Week 3 and Week 4 (June 13 – June 27)

Specific Goals

  • Implement the rest of the mentioned Phase II functionalities to be ported over to SymEngine, along with tests (classes NumberSymbol, Complement, Mod and others).
  • Finish up on all the conflicted (with respect to naming, internal representation or output types/formats) Phase II functionalities pre-implemented in SymEngine (such as oo, zoo, rowadd, rowmul and others).

My goal up till Phase 1 evaluations would be to finish off with Phase I and SymEngine’s side of implementation work in Phase II.

Week 5 and Week 6 (June 27 – July 11)

Specific Goals

  • Work on the existing issues in the SymEngine.py repository related to the proposal such as #17, #76 and #91.
  • Wrap up functionalities (first 20 under Phase II) in SymEngine.py along with extensive testing.

Week 7 and Week 8 (July 11 – July 25)

Specific Goals

  • Finish up on the (28 remaining) shortlisted functionalities and classes, effectively finishing up on Phase II.
  • Exhaustively clear out compatibility issues between SymEngine repository and the wrapper, if they arise.

Side Goal

  • Setup CodeCov check for SymEngine.py to maintain a healthy coverage.

By the time for Phase 2 evaluations, I plan to be finished off with SymEngine.py’s side of implementation work and Phase II.

Week 9 and Week 10 (July 25 – August 08)

Specific Goals

  • Update the first 9 mentioned Phase I and II modules in SymPy after finishing up on SymEngine and SymEngine.py work, as a part of Phase 3.
  • Fix the compatibility issues thrown up.

Side Goal

  • Finish off miscellaneous implementations that might be required along the path of a future release.

Week 11 and Week 12 (August 08 – August 22)

Specific Goals

  • Update the remaining 5 mentioned Phase I and II modules in SymPy, bringing an end to Phase III.
  • Investigate SparseMatrix algorithms in SymPy, for a possible update on their usage with SymEngine.py objects.
  • Final check for any issues or conflicts between the wrapper and SymPy repository.
  • Final benchmarking and update to the SymPy and SymEngine wikis.

Week 13 (August 22 – August 29)

  • Buffer time for finishing up on documentation or any other piece of implementation that needs refactoring, or wrapping up any functionality left untouched due to delays.
  • Work on the additional goals planned (subject to the availability of time).

Post-GSoC

SymEngine is the first open-source project that I contributed to, and the journey has been simply amazing.

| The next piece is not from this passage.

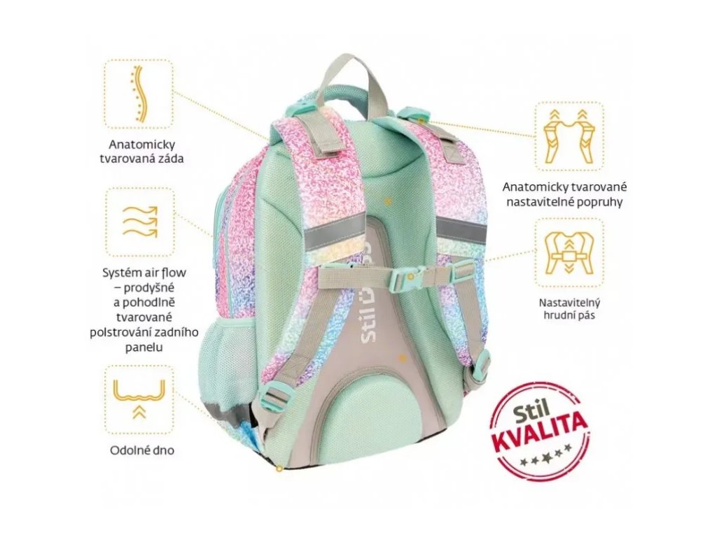 - 3D ZÁDOVÝ SYSTÉM – batoh perfektně sedí na zádech. Anatomický zádový panel se přizpůsobí páteři dítěte a prodyšné polstrování umožní cirkulaci vzduchu a příjemné nošení

Over time, I have realised that collaborating with the sharpest minds of the world is a pleasure beyond words. The experience I have gained so far is enriching in itself. I have the following plans post-GSoC:

  • I realise that the entire SymPy library cannot be covered presently due to various constraints. As such, I hope to continue upon my work on the modules and functionalities left untouched by the changes proposed above.
  • While thinking of a project idea, I had the opportunity to go through some amount of work done/required in SymPy and SymEngine (related to assumptions). Hence I wish to be a part of the team that develops the assumptions module in SymEngine.
  • Lastly, I also hope to represent team SymEngine at the upcoming conventions (PyCon India and SciPy India 2017), and talks organised at my college.

References

  • SymPy Core Upgrade to SymEngine

  • I would also like to mention that the structure and format of this proposal is inspired from a number of outstanding proposals from previous year GSoCers, available at SymPy's wiki.